Apro gli occhi. Le palpebre fanno male, come fossero state chiuse per molto, troppo tempo.

Mi aspetto di trovare davanti a me un paio di occhi verde smeraldo, i più belli che possano esistere.

Ma non ci sono. Mi metto a sedere. Dove sono? Su un prato, verde ma non troppo curato, dietro un cespuglio dall’aria malandata. Un cigolio lontano è l’unico rumore che mi giunge.

Mi alzo, le gambe incontrano qualche fatica nel riuscire a reggermi.

Questo posto…mi sembra familiare. Sono certo di averlo già visto, almeno una volta.
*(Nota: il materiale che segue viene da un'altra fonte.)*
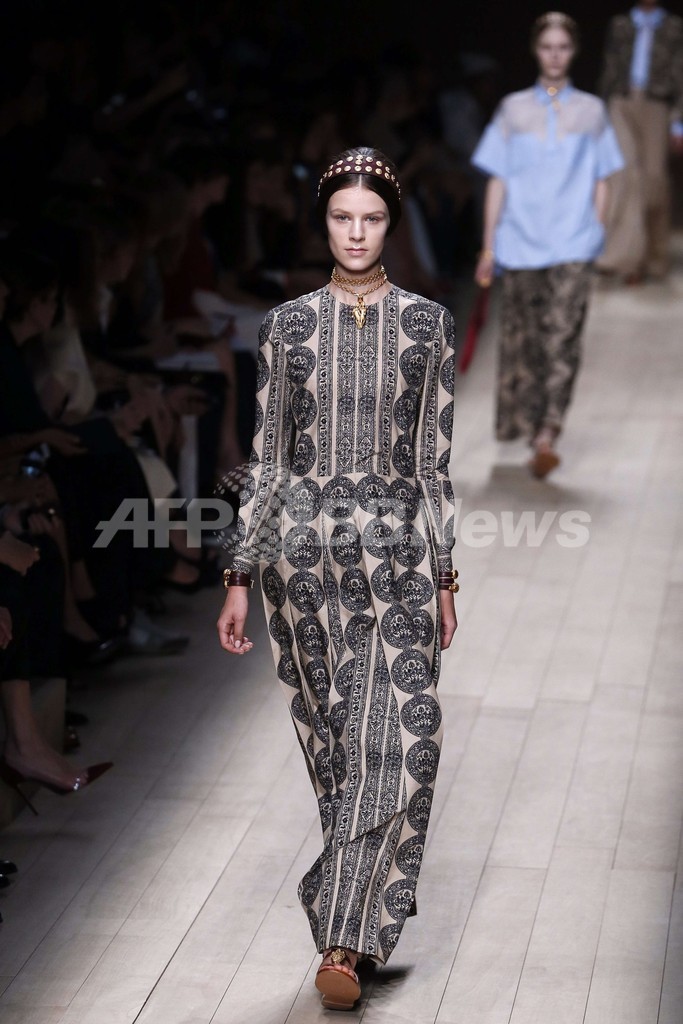 1日、マリア・グラツィア・キウリ(Maria Grazia Chiuri)とピエールパオロ・ピッチョーリ(Pierpaolo Piccioli)が手がける「ヴァレンティノ(Valentino)」が新作を発表した。(c)AFP

No, non solo una. Cammino, al cigolio si aggiunge adesso il dolce rumore dei miei passi sull’erba umida. Deve aver piovuto, c’è odore di pioggia. Aggiro la siepe. Non ci metto più di qualche attimo a capire dove mi trovo, adesso. E come dimenticarlo?

E’ lì, davanti a me, nella sua bellezza divina.

La guardo, di nuovo, seminascosto da questa siepe ombrosa.

Di nuovo non esiste più niente mentre la osservo dondolare su quell’altalena.

Un soffio di vento. I suoi capelli rossi svolazzano, il suo viso si gira verso di me. Mi vede. Mi ha visto, ne sono sicuro. Eppure rimango immobile.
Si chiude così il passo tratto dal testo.